* Task goal *
Pictures in the data should be dropped; transcribe exactly the lines from the one that has "прошлый раз, когда" through the one that has "DUNCHATY Railing Planter".
Start of Dataset excerpts
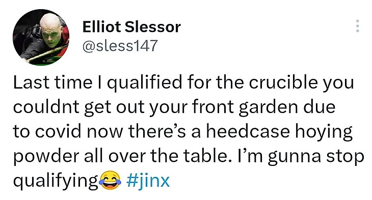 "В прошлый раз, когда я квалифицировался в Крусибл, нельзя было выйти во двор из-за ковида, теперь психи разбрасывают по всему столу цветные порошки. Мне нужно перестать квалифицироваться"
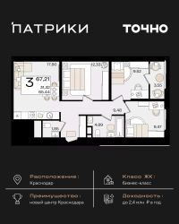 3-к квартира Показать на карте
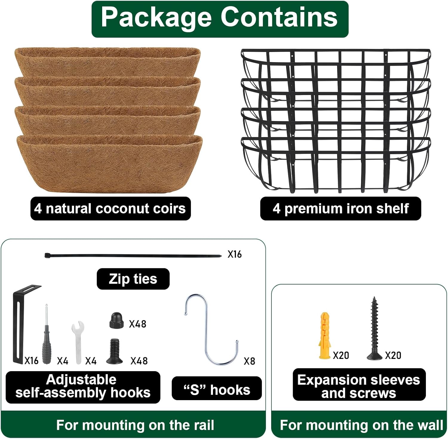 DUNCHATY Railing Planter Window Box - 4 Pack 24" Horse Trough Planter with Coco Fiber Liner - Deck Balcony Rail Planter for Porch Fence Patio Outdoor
End of Dataset excerpts
Start of Dataset excerpts
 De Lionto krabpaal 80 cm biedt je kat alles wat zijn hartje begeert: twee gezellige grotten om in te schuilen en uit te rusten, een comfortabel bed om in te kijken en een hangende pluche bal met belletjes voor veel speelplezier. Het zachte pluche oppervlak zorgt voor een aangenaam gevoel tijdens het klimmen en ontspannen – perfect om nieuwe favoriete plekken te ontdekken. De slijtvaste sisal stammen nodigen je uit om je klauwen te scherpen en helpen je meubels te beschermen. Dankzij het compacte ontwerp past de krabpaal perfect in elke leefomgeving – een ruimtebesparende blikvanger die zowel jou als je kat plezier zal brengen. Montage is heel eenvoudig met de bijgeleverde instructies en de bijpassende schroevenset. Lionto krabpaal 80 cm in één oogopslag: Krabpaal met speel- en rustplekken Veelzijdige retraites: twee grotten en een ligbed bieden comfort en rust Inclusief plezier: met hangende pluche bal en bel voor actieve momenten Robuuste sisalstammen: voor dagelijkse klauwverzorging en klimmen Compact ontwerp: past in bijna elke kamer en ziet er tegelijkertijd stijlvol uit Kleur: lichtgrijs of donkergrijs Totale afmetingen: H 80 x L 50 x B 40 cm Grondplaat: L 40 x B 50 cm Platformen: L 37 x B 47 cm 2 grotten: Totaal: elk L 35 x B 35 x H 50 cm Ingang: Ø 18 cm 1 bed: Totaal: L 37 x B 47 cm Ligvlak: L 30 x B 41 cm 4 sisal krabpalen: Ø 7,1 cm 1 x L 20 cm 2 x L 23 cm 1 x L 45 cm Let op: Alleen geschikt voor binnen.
End of Dataset excerpts
* Completed task *
 "В прошлый раз, когда я квалифицировался в Крусибл, нельзя было выйти во двор из-за ковида, теперь психи разбрасывают по всему столу цветные порошки. Мне нужно перестать квалифицироваться"
 3-к квартира Показать на карте
 DUNCHATY Railing Planter Window Box - 4 Pack 24" Horse Trough Planter with Coco Fiber Liner - Deck Balcony Rail Planter for Porch Fence Patio Outdoor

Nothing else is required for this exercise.